__Given entries__.
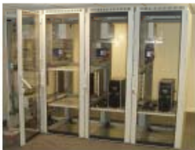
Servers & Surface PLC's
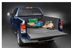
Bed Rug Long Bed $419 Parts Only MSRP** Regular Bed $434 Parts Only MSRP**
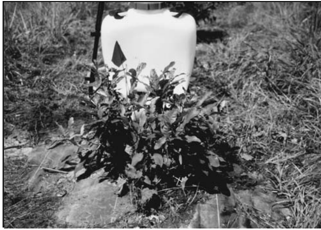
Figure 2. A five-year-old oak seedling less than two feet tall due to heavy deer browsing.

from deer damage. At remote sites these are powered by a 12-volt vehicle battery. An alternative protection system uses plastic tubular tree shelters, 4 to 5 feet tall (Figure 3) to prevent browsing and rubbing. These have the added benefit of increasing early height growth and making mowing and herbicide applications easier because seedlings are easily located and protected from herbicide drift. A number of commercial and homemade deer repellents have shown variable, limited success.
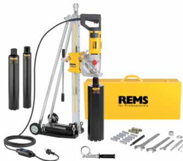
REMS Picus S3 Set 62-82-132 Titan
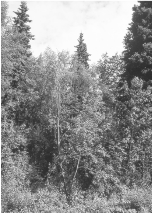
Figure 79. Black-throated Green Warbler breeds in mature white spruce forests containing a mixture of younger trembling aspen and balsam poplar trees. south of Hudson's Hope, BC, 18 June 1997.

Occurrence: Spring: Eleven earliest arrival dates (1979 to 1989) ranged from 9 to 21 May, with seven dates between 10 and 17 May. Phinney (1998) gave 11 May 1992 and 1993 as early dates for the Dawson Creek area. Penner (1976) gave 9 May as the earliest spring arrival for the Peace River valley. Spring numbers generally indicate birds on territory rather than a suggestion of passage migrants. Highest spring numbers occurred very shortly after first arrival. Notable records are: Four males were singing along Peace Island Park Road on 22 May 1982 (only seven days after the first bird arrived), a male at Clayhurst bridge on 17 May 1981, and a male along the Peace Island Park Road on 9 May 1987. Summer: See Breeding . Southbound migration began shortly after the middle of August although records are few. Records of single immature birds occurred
--
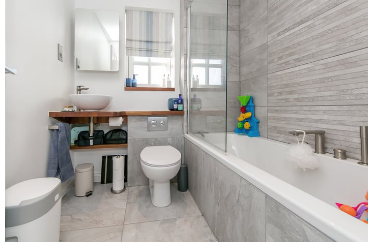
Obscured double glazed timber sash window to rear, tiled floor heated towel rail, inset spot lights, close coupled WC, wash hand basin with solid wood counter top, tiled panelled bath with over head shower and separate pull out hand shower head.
* * *
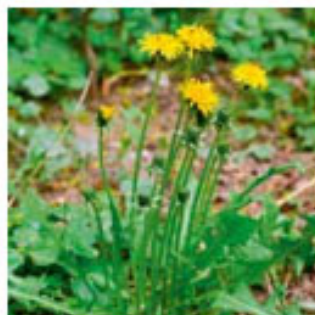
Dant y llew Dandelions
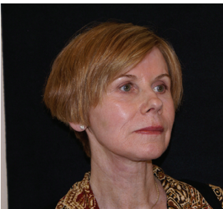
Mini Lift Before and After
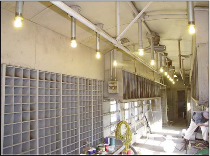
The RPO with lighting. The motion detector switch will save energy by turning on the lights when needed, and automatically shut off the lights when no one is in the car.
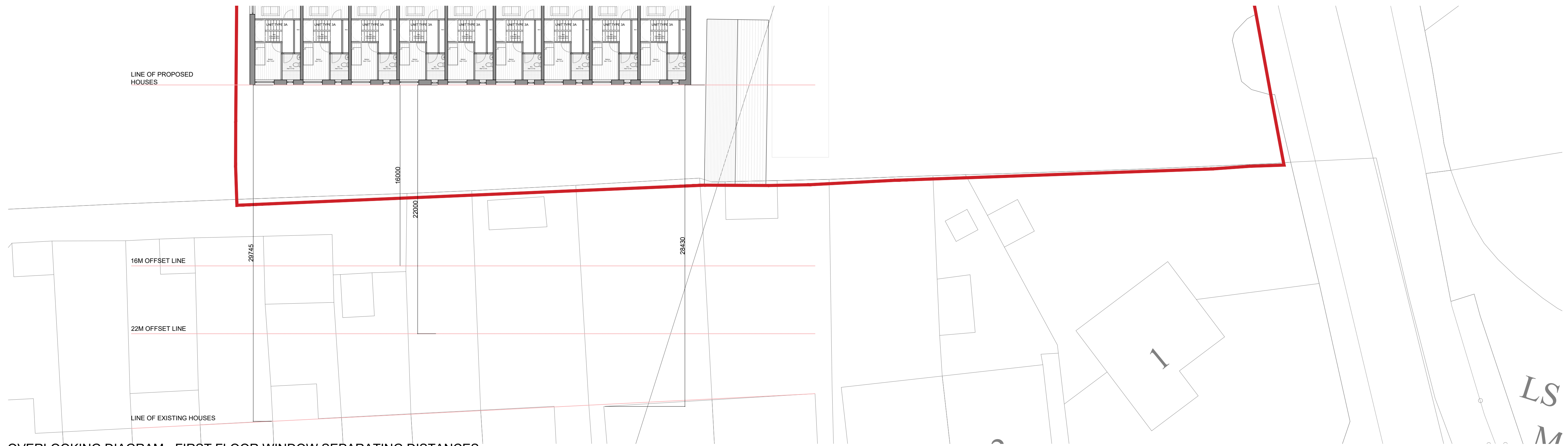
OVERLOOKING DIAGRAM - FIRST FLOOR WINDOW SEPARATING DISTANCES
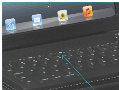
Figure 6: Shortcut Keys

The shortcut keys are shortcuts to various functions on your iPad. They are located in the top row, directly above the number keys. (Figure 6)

__Work instruction__.
Write down every line of the data above that includes the string "Figure".

__Exercise answer__.
Figure 2. A five-year-old oak seedling less than two feet tall due to heavy deer browsing.
from deer damage. At remote sites these are powered by a 12-volt vehicle battery. An alternative protection system uses plastic tubular tree shelters, 4 to 5 feet tall (Figure 3) to prevent browsing and rubbing. These have the added benefit of increasing early height growth and making mowing and herbicide applications easier because seedlings are easily located and protected from herbicide drift. A number of commercial and homemade deer repellents have shown variable, limited success.
Figure 79. Black-throated Green Warbler breeds in mature white spruce forests containing a mixture of younger trembling aspen and balsam poplar trees. south of Hudson's Hope, BC, 18 June 1997.
Figure 6: Shortcut Keys
The shortcut keys are shortcuts to various functions on your iPad. They are located in the top row, directly above the number keys. (Figure 6)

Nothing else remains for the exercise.